Records from a data source:
■ ■ ■ ■ ■

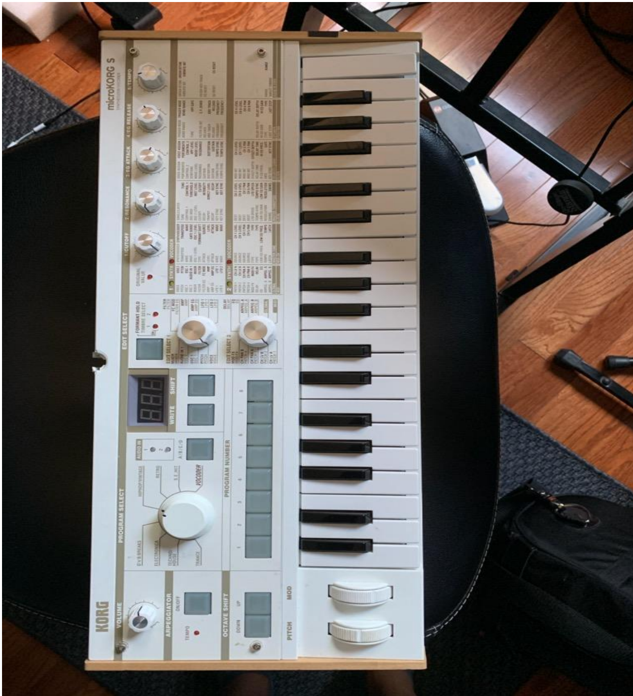
KORG Micro Keys
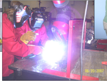
Lincoln Electric-learning welding
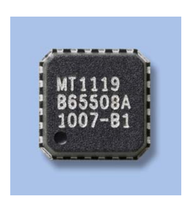
MT1119 High Performance Automotive AM/FM Amplifier Subsystem

The MT1119 is a highly integrated and complete RF amplifier subsystem for active AM/FM antennas
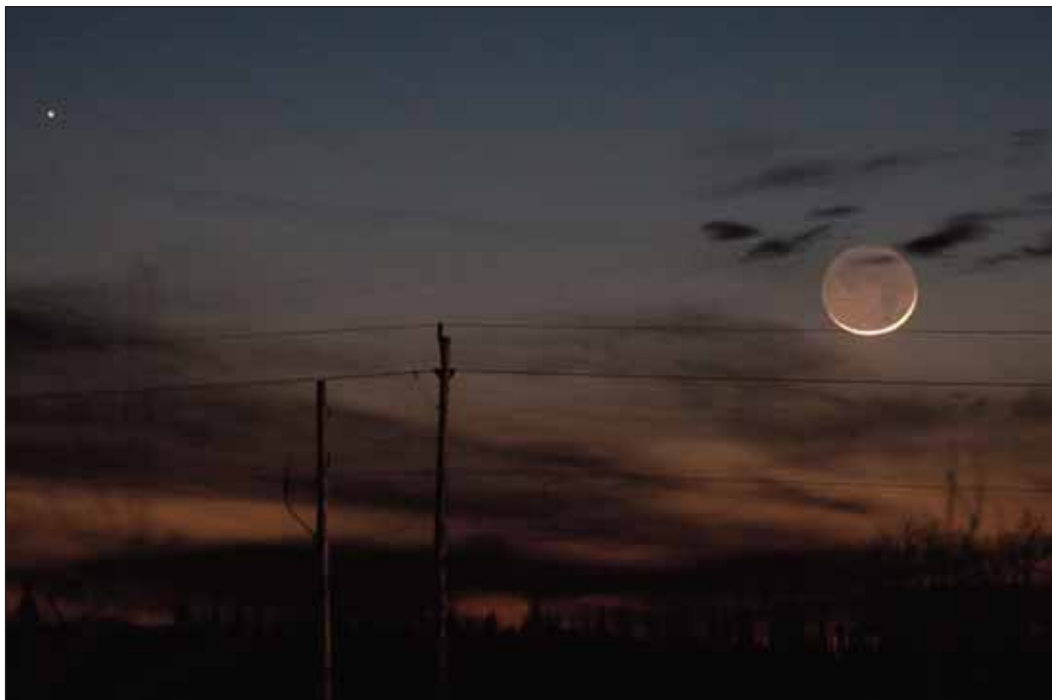
The planet Mercury is the bright star-like object to the left of the Moon. The bright thin crescent "bowl" is reflected light from the Sun, the ghostly glow of the rest of the Moon is called "Earthglow" and is caused by reflected light from the Earth.
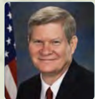
Senator Tim Johnson
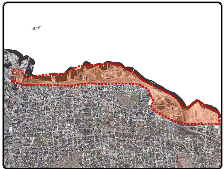
Above: Aerial of the Waterfront Urban Renewal Plan Area

The Cecil Group anticipates the Urban Renewal Planning process will take 10-12 months to complete.
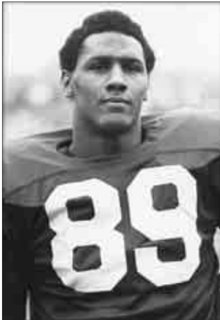
Ross Browner is the Notre Dame career leader in tackles for minus yardage with 77.
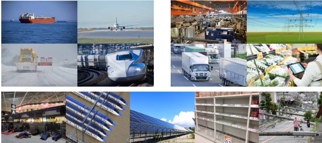
Natural disaster prevention and CO2 reduction
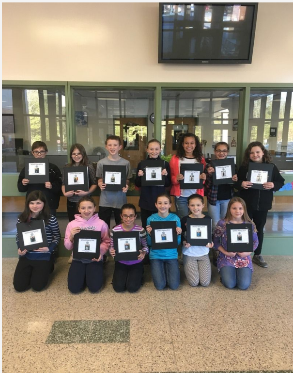
5th grade team
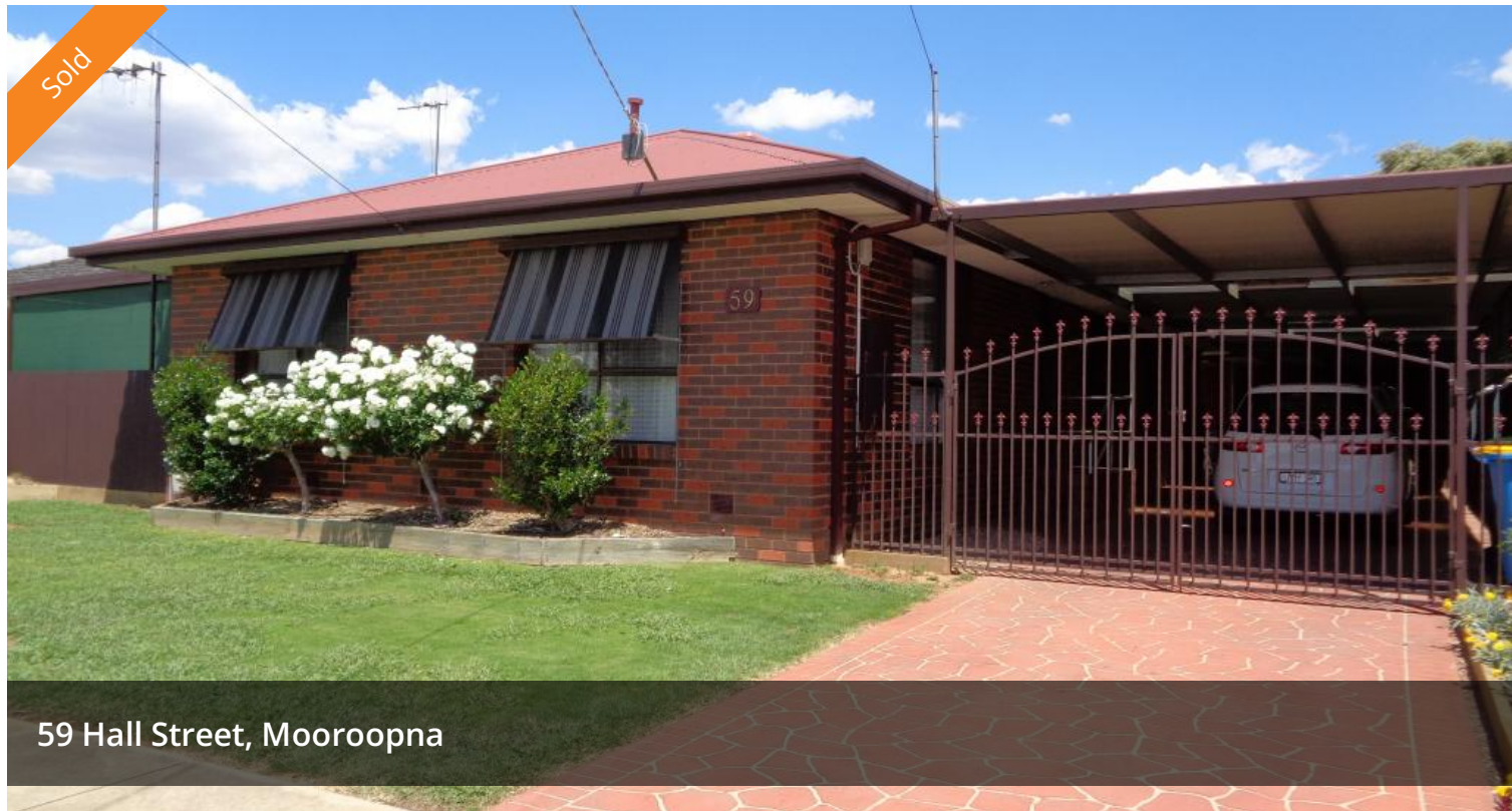
59 Hall Street, Mooroopna
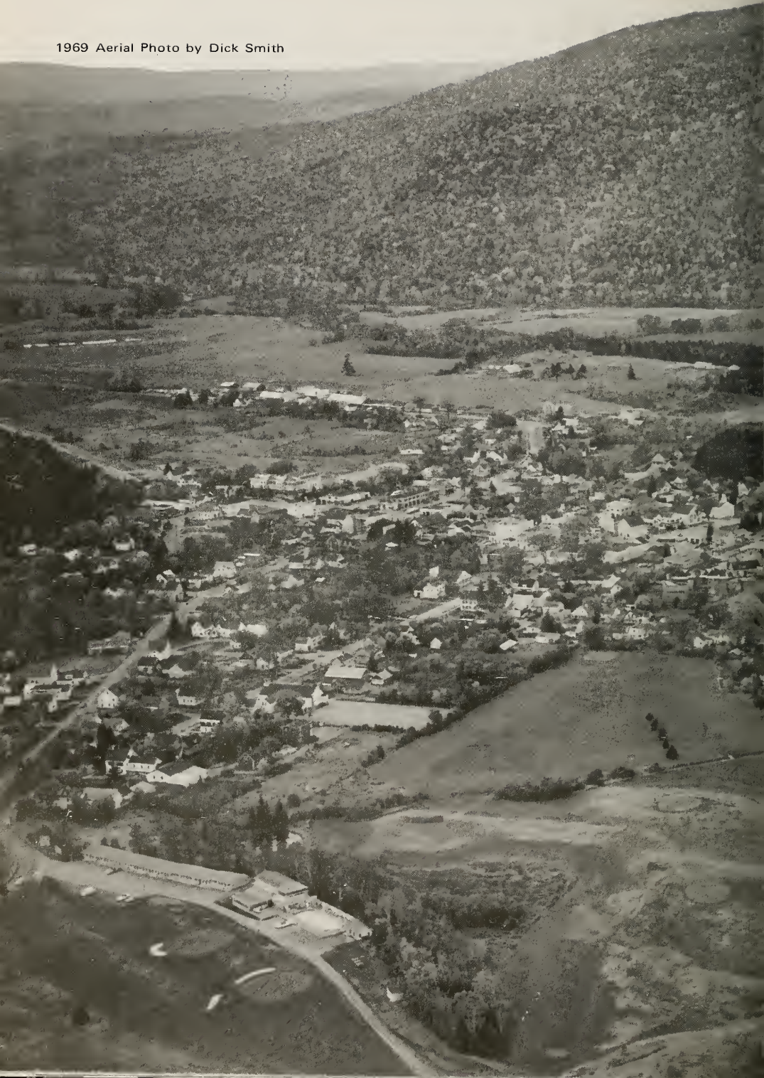
1969 Aerial Photo
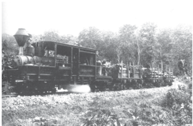
Fig.21 – Train transporting teak out of the forest – late colonial period.

As in India, the need to manage forests for shipbuilding and railways led to the
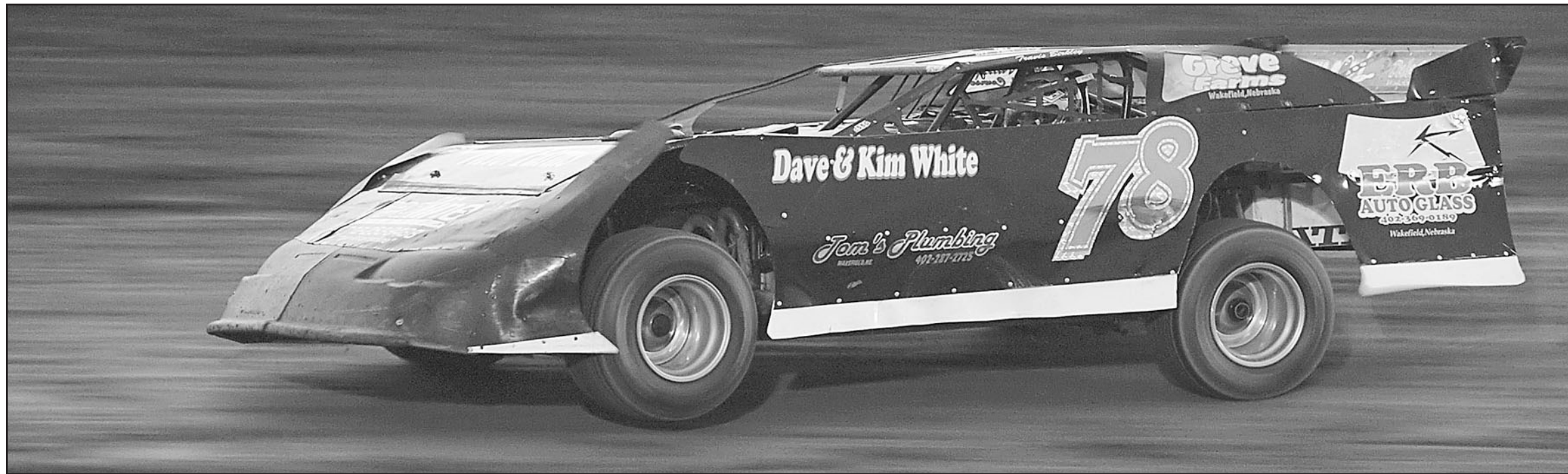
Travis Birkley picked up his first Grand National "A" feature win at the track last week.
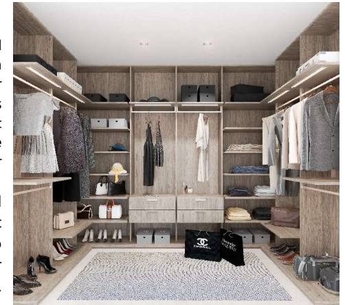
Non-binding figurative image

The distribution, fittings, taps and bathroom furniture has been chosen out with the support of interior designer, so that it is not just a sum of pieces or elements, but a space thought as a whole.
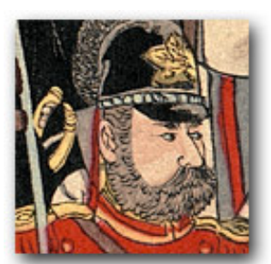
Details reveal how closely Japanese officers (right) resembled Russian officers (left).

"Illustration of Russian and Japanese Army and Navy Officers" by Watanabe Nobukazu, February 1904
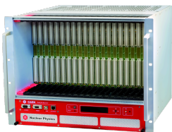
8U 21 Slot VME64/64X Enhanced Crate Series
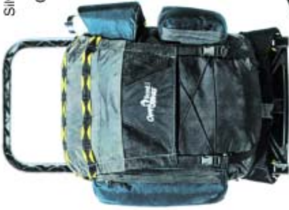
Camp Trails ComfortFlex™ Pack

■ ■ ■ ■ ■

Description of the task -
Both ends included, copy word for word the lines from the top of the entries above through the line with "The Cecil Group". No pictures.

Result of the exercise -
KORG Micro Keys
Lincoln Electric-learning welding
MT1119 High Performance Automotive AM/FM Amplifier Subsystem

The MT1119 is a highly integrated and complete RF amplifier subsystem for active AM/FM antennas
The planet Mercury is the bright star-like object to the left of the Moon. The bright thin crescent "bowl" is reflected light from the Sun, the ghostly glow of the rest of the Moon is called "Earthglow" and is caused by reflected light from the Earth.
Senator Tim Johnson
Above: Aerial of the Waterfront Urban Renewal Plan Area

The Cecil Group anticipates the Urban Renewal Planning process will take 10-12 months to complete.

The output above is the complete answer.